## Exercise
Restate, exactly as written, the entries below from the line that holds "Normalerweise erlaubt die" through the line that holds "Corte el pulpo". Pictures are not part of the copy.

## Data supplied
┏━━

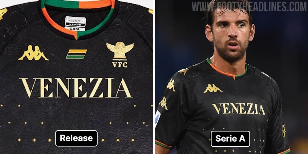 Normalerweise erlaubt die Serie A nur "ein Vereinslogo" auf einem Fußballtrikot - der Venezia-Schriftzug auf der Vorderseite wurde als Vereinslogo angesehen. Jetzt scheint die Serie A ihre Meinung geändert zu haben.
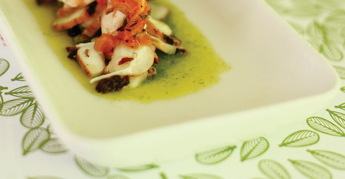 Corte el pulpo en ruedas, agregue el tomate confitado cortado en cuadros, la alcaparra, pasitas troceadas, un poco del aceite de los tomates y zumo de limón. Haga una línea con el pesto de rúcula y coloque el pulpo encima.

┗━━
┏━━

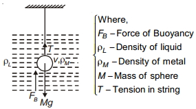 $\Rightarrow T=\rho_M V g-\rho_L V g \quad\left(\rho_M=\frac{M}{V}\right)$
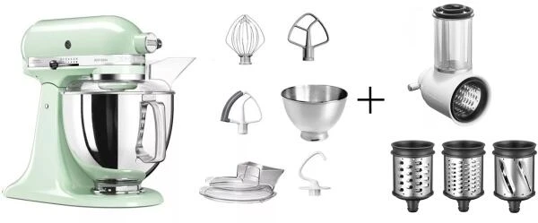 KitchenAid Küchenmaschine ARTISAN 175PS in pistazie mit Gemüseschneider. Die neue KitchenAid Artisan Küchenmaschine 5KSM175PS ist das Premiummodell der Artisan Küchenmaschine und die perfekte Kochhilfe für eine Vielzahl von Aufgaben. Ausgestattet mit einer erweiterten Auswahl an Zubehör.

┗━━
┏━━

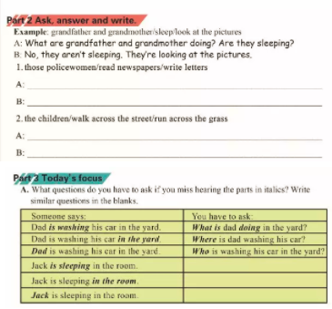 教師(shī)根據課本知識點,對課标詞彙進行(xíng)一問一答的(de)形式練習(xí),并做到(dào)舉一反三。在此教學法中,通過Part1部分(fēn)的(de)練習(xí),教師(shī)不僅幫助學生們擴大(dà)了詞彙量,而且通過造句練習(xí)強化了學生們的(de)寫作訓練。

┗━━

## Output
 Normalerweise erlaubt die Serie A nur "ein Vereinslogo" auf einem Fußballtrikot - der Venezia-Schriftzug auf der Vorderseite wurde als Vereinslogo angesehen. Jetzt scheint die Serie A ihre Meinung geändert zu haben.
 Corte el pulpo en ruedas, agregue el tomate confitado cortado en cuadros, la alcaparra, pasitas troceadas, un poco del aceite de los tomates y zumo de limón. Haga una línea con el pesto de rúcula y coloque el pulpo encima.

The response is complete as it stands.